(Saved entries)

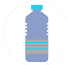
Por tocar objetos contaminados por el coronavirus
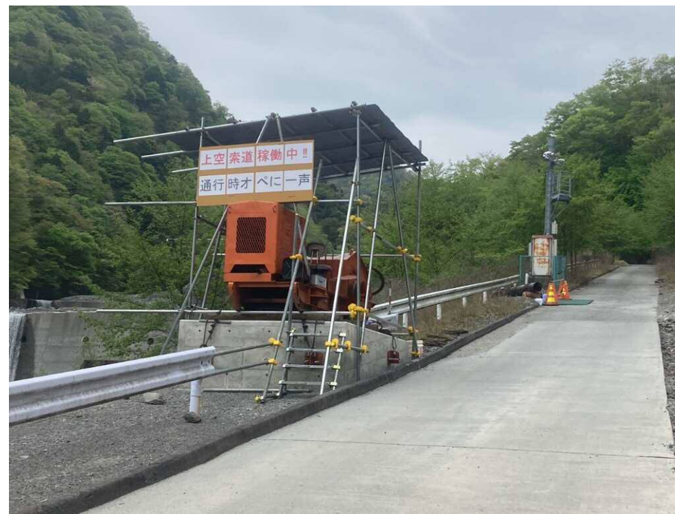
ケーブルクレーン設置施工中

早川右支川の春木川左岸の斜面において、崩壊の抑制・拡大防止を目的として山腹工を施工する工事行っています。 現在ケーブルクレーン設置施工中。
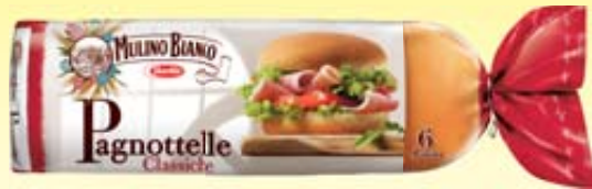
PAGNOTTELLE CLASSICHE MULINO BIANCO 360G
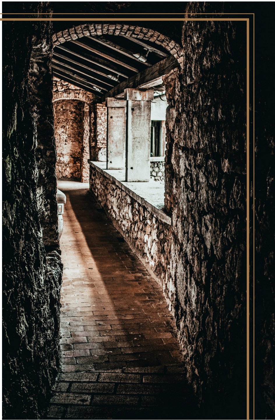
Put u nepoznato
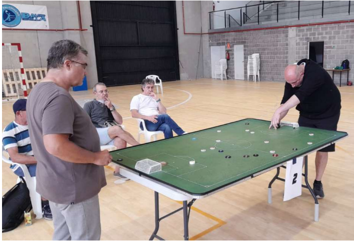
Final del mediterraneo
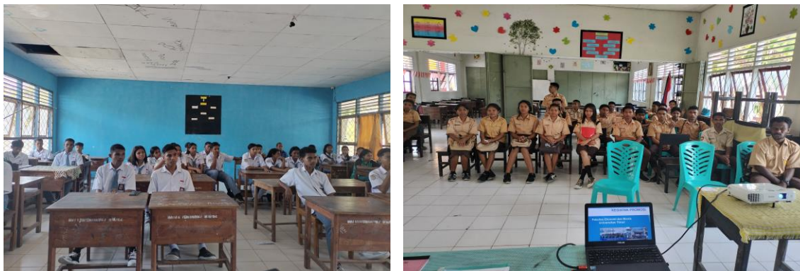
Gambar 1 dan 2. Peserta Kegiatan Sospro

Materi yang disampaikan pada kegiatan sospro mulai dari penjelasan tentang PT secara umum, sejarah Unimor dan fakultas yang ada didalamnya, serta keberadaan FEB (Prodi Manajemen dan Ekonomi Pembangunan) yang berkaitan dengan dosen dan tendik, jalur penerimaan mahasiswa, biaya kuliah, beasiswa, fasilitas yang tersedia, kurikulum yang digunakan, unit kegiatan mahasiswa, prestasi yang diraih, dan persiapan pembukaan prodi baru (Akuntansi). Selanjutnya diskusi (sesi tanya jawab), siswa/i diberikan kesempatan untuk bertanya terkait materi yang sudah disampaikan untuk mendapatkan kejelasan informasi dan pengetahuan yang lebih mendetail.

● **Requirement**
Transcribe exactly the span of lines that opens with the line holding "早川右支川の春木川左岸の斜面" and closes with the last line of the entries above. Omit pictures.

● **Solution for this problem**
早川右支川の春木川左岸の斜面において、崩壊の抑制・拡大防止を目的として山腹工を施工する工事行っています。 現在ケーブルクレーン設置施工中。
PAGNOTTELLE CLASSICHE MULINO BIANCO 360G
Put u nepoznato
Final del mediterraneo
Gambar 1 dan 2. Peserta Kegiatan Sospro

Materi yang disampaikan pada kegiatan sospro mulai dari penjelasan tentang PT secara umum, sejarah Unimor dan fakultas yang ada didalamnya, serta keberadaan FEB (Prodi Manajemen dan Ekonomi Pembangunan) yang berkaitan dengan dosen dan tendik, jalur penerimaan mahasiswa, biaya kuliah, beasiswa, fasilitas yang tersedia, kurikulum yang digunakan, unit kegiatan mahasiswa, prestasi yang diraih, dan persiapan pembukaan prodi baru (Akuntansi). Selanjutnya diskusi (sesi tanya jawab), siswa/i diberikan kesempatan untuk bertanya terkait materi yang sudah disampaikan untuk mendapatkan kejelasan informasi dan pengetahuan yang lebih mendetail.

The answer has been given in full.